Electric fish possess the remarkable ability to produce powerful electrical discharges through the manipulation of ion fluxes across ion-selective membranes within their bodies.5 Mimicking the bioelectric phenomena taking place in the electric organ of electric fish is a promising route to develop artificial electric organs.6,7 The mechanism underlying the production of electric power in electric fish resembles, under many aspects, the reverse electrodialysis (RED) process. In RED, an alternating stack of cation exchange membranes (CEM) and anion exchange membranes (AEM) separates alternating ion-poor and ion-rich solutions, as shown in Fig. 1A. This arrangement favors the displacement of positive charges toward one side and negative charges toward the opposite side of the system, leading to a net flux of charges and additive transmembrane potentials.
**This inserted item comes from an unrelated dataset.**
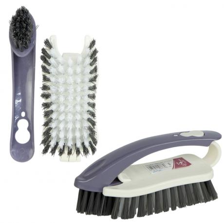 Універсальна щітка-утюжок 2 в 1 моделі 2620 призначена для зручного та ефективного очищення різних поверхонь у побуті. Головною перевагою виробу є знімна додаткова щітка, яка розширює функціональність і дозволяє виконувати як основне, так і точкове прибирання. Загальна довжина щітки становить 15 см, ширина — 5,5 см, висота — 7 см. Основна робоча зона має розмір 14×5,5 см і оснащена щетинками висотою 2,5 см, які добре видаляють забруднення, не пошкоджуючи поверхні. Знімна щітка довжиною 16 см і шириною 2,5 см має робочу поверхню 5×3 см та зручна для очищення важкодоступних місць. Ергономічна пластикова ручка забезпечує надійний хват. Практичний вибір для дому та оптового продажу.

A pair of electrodes is used to harness this ionic current.8–10
Membranes play a central role in RED as the energy conversion efficiency is linked to their ion- selectivity and permeability. Furthermore, the composition of the ion-rich and ion-poor solutions is critical and must be optimized to achieve the best tradeoff between electrical resistance (which limits current) and gradient of ions (which limits potential).11–14
Mayer's group at Adolphe Merkle Institute (Fribourg, Switzerland) has pioneered the realization of soft, hydrogel-based bioinspired power units6,7 and has developed RED systems capable of generating electric power from exhaled carbon dioxide (CO2), which is a metabolic byproduct.15 The applicability of these devices in the human body is limited because hydrogel power sources undergo degradation under physiological conditions and are difficult to recharge in vivo, while capturing CO2 from human breath requires the use of potentially harmful carbon-capturing agents such as ethanolamine.15
In this work, we evaluate the use of Nafion (Fig. 1B) as a proton exchange membrane (PEM) for the construction of artificial electric organs that convert the pH gradient of gastric solutions (Fig. 1C) into electric power. The pH gradient between gastric juices (pH ≈ 1.5)16 and gastric mucous (pH ≈ 7.5)17 is ideal for the development of an implantable electric organ because it is rather steep (i.e., six orders of magnitude in proton concentration), is continuously maintained by the metabolism, and is readily accessible.
Nafion,18 a sulfonated fluoropolymer, displays good proton exchange performance, and is widely applied in fuel cells for application in gas and liquid phases. The proton exchange properties of Nafion derive from its structure, which comprises a fluorinated backbone conferring hydrophobic properties, mechanical support and chemical stability, and sulfonated groups enabling selective cation exchange (Fig. 1B).19–22 Moreover, Nafion exhibits exceptional thermal and chemical stability, withstanding temperatures well beyond the internal human body temperature (up to 150 °C or higher)23 and remaining stable even in highly acidic conditions (10 M nitric acid for hours24 and 1 M HCl for months).18 These properties make it a compelling candidate for applications involving prolonged contact with the gastric juice-mimicking solution. One potential issue that could affect the performance of Nafion membranes is fouling. It is known that these membranes, when used in microbial fuel cell applications, can be passivated by a thin layer of bacteria after approximately six months of use.25
Despite recent environmental and biosafety guidelines discouraging the use of fluoropolymers in favor of more biodegradable and environmentally friendly alternatives,26–29 however, we focused on Nafion because it still represents the golden standard in PEM. The success of Nafion, especially in fuel cell applications, is justified by its excellent proton conductivity.30
First, we discuss the use of gastric juices and gastric mucous as ion-rich and ion-poor solutions for power generation in a Nafion-based RED setup. Subsequently, we provide a detailed characterization of the ion exchange performance of two different commercial Nafion membranes: Xion PEM-Nafion-1100 (5 μm thick), and Nafion® 115 perfluorinated membrane (127 μm thick). In particular, we (i) quantify the perm-selectivity of these membranes for various hydrated cations relative to that of the hydronium ion, (ii) correlate these results to the structure of the membranes and the hydrodynamic properties of the cations, and (iii) use the measured perm-selectivities to explain the potential generated by gastric juices and gastric mucous mimics across Nafion membranes.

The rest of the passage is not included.